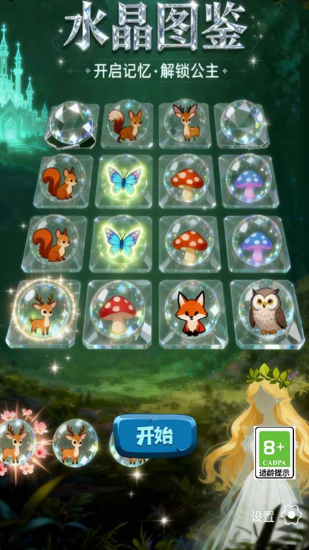水晶图鉴游戏是一款结合速记与消除玩法的益智小游戏。玩家需在众多水晶球中找出三个相同的动物图案进行消除,同时探索并找到公主隐藏的神秘水晶球!
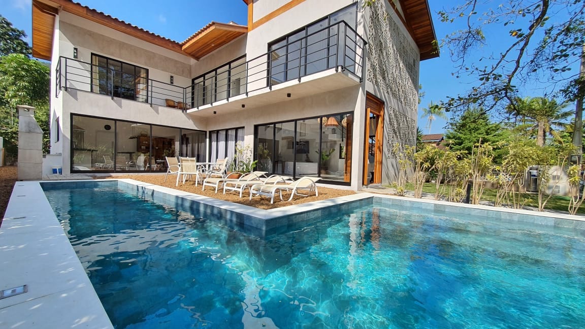 Casa nueva, moderna, de alto nivel, diseño de autor y vistas inigualables. Piscina infinita, climatizada, con vistas al mar y a 180º de las playas de Toque Toque Grande, Calhetas y a la puesta de sol. Entre octubre y marzo, el sol se pone junto al mar. Ofrece absoluta privacidad, estando inmerso en el Bosque Atlántico, pero con fácil acceso por carretera. Seguridad total con supervisión remota. Lugar único y tranquilo, con mucho estilo y comodidad. Paga en 6 cuotas sin intereses
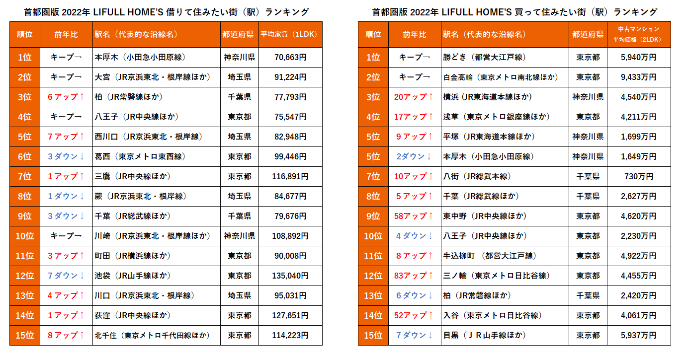 「2022年 LIFULL HOME'S 住みたい街ランキング」発表
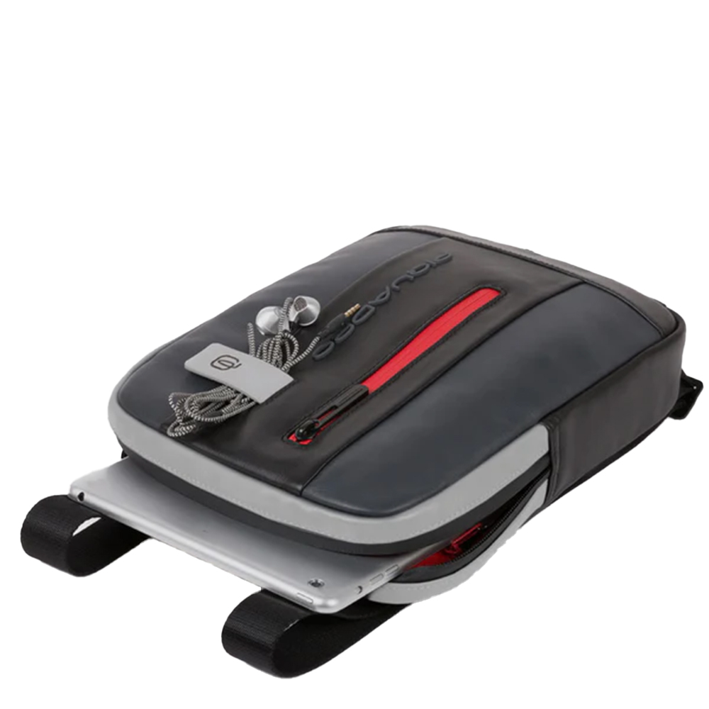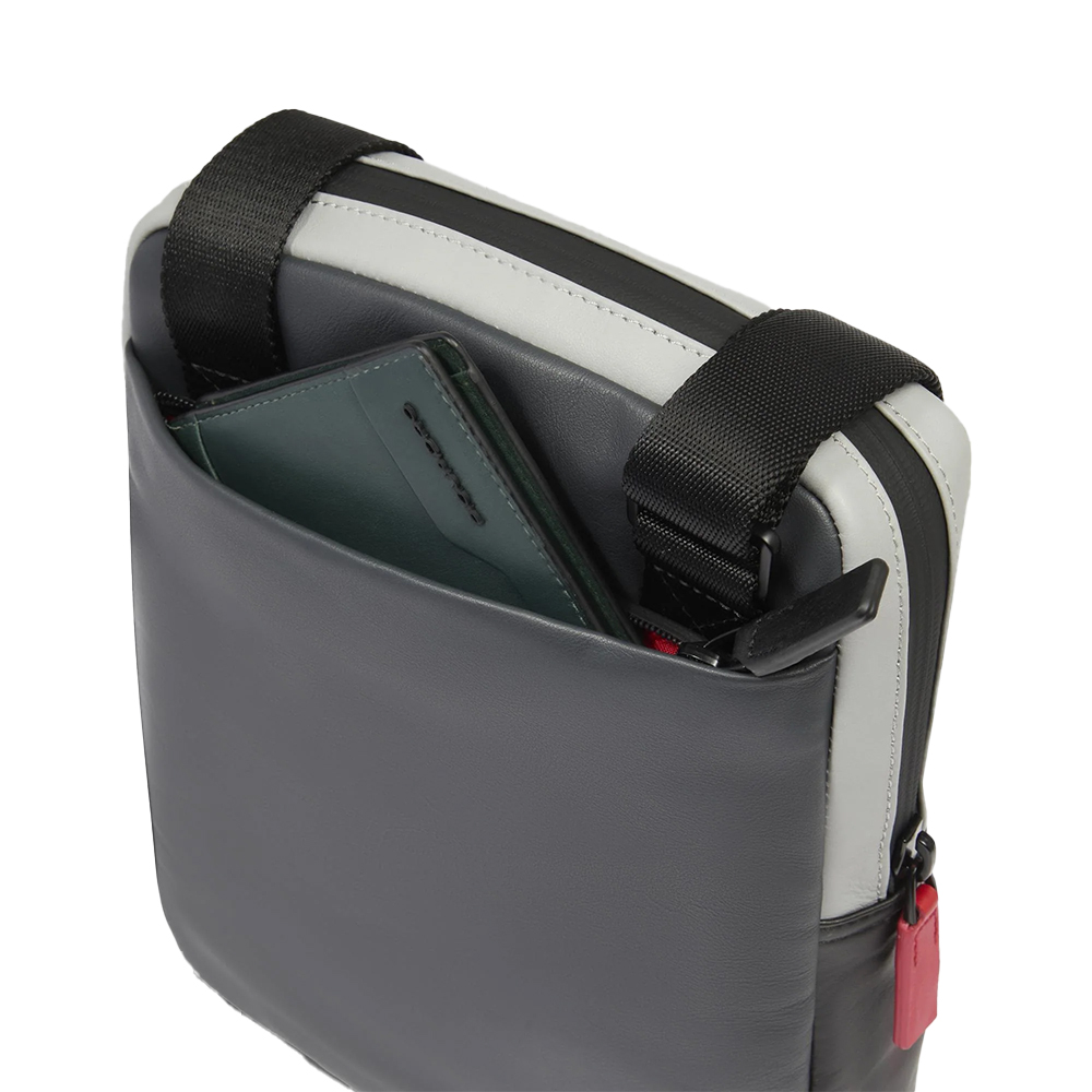 Borsello Piquadro porta Ipad, realizzato in soffice pelle naturale dall'effetto liscio, dotato di aperura con cerniera, tasca frontale con zip e tracolla regolabile.

- [What you need to do]
With pictures left out, transcribe each line from the one containing "LIFULL HOME'S 住みたい街ランキング」発表" through the end of the data, both ends included.

- [Solution to this exercise]
 「2022年 LIFULL HOME'S 住みたい街ランキング」発表
 Borsello Piquadro porta Ipad, realizzato in soffice pelle naturale dall'effetto liscio, dotato di aperura con cerniera, tasca frontale con zip e tracolla regolabile.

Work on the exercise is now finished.